Bien que le sens auditif des vers présente certaines similitudes avec le fonctionnement du système auditif chez les vertébrés, cette nouvelle recherche révèle des différences importantes par rapport à la façon dont les vertébrés ou les arthropodes perçoivent le son.
“Sur la base de ces différences, qui existent jusqu’au niveau moléculaire, nous pensons que le sens de l’ouïe a probablement évolué indépendamment, plusieurs fois à travers différents phylums animaux”, a déclaré Xu. « Nous savions que l’audition est très différente entre les vertébrés et les arthropodes.
« Maintenant, avec C. elegans, nous avons trouvé une autre voie différente pour cette fonction sensorielle, indiquant une évolution convergente. Cela contraste fortement avec l’évolution de la vision, qui, comme l’a proposé Charles Darwin, s’est produite assez tôt et probablement une seule fois avec un ancêtre commun.
Maintenant que tous les sens principaux ont été observés chez C. elegans, Xu et ses collègues prévoient d’approfondir les mécanismes génétiques et la neurobiologie qui entraînent ces sensations.
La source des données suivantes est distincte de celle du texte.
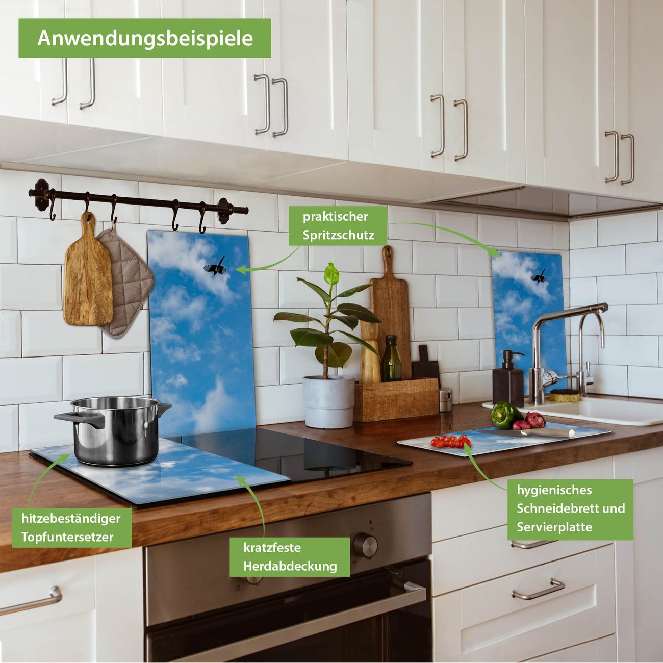 FUNKTION: Das banjado Schneidebrett mit Motiv Wolken 4 ist groß und rutschfest und damit ideal für Ihre Küche. Besonders praktisch. Das Schneidebrett ist vielseitig einsetzbar: ob als Spritzschutz hinter dem Herd für Ihre Küche oder als Glas Schneidebrett als hygienische und geruchsneutrale Unterlage. Sie können ebenfalls heiße Töpfe und Pfannen bis 100°C auf der Herdplattenabdeckung abstellen. Sie erhalten ein Multitalent für Ihre Küche. QUALITÄT: Die Schneideplatte Glas besteht aus hochwertigem, gehärtetem und hitzebeständigem Glas. Wählen Sie aus einem unserer zahlreichen Motive das passende Design für Ihre Küche aus. DETAILS: Das Schneidebrett Glas groß ist in verschiedenen Größen verfügbar. Sie erhalten separate Gumminoppen damit Ihr großes Schneidebrett rutschfest in der Küche steht. VIELSEITIG: Das Schneidebrett modern ist ein Allrounder - als Schneideunterlage Küche direkt auf dem Herd oder separat und als Spritzschutz an der Wand aufgestellt - ein praktisches Küchenutensil. BANJADO: Auf Wunsch fertigen wir das Glas Schneide Brett auch als Sondergröße an. Mehrteilige Platten sind auch möglich. Kontaktieren Sie uns gern für eine Spezialanfertigung Ihrer Glasplatte Küche.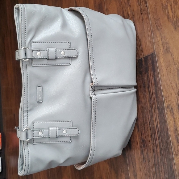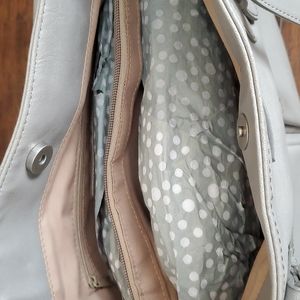 a neutral grey purse that would go great with Amy outfit! divided interior with center zippered pocket, back zippered pocket and 2 open pockets. 1 zippered pocket and 2 open pockets in the exterior. excellent condition.

“Cela ouvre un tout nouveau domaine pour étudier la sensation auditive et la mécanosensation dans son ensemble”, a-t-il déclaré. “Avec ce nouvel ajout de sensation auditive, nous avons maintenant pleinement établi que tous les sens primaires se trouvent chez C. elegans, ce qui en fait un système modèle exceptionnel pour l’étude de la biologie sensorielle.”
Référence : « Le nématode C. elegans sens les sons aériens » par Adam J. Iliff, Can Wang, Elizabeth A. Ronan, Alison E. Hake, Yuling Guo, Xia Li, Xinxing Zhang, Maohua Zheng, Jianfeng Liu, Karl Grosh, R. Keith Duncan et XZ Shawn Xu, 22 septembre 2021, Neurone.
DOI : 10.1016/j.neuron.2021.08.035
Les auteurs de l’étude sont : Adam Iliff, Can Wang, Elizabeth Ronan, Alison Hake, Yuling Guo, Xia Li, Xinxing Zhang, Maohua Zheng, Karl Grosh, R. Keith Duncan et XZ Shawn Xu de l’UM ; et Jianfeng Liu de l’Université Huazhong de Science et technologie, Chine.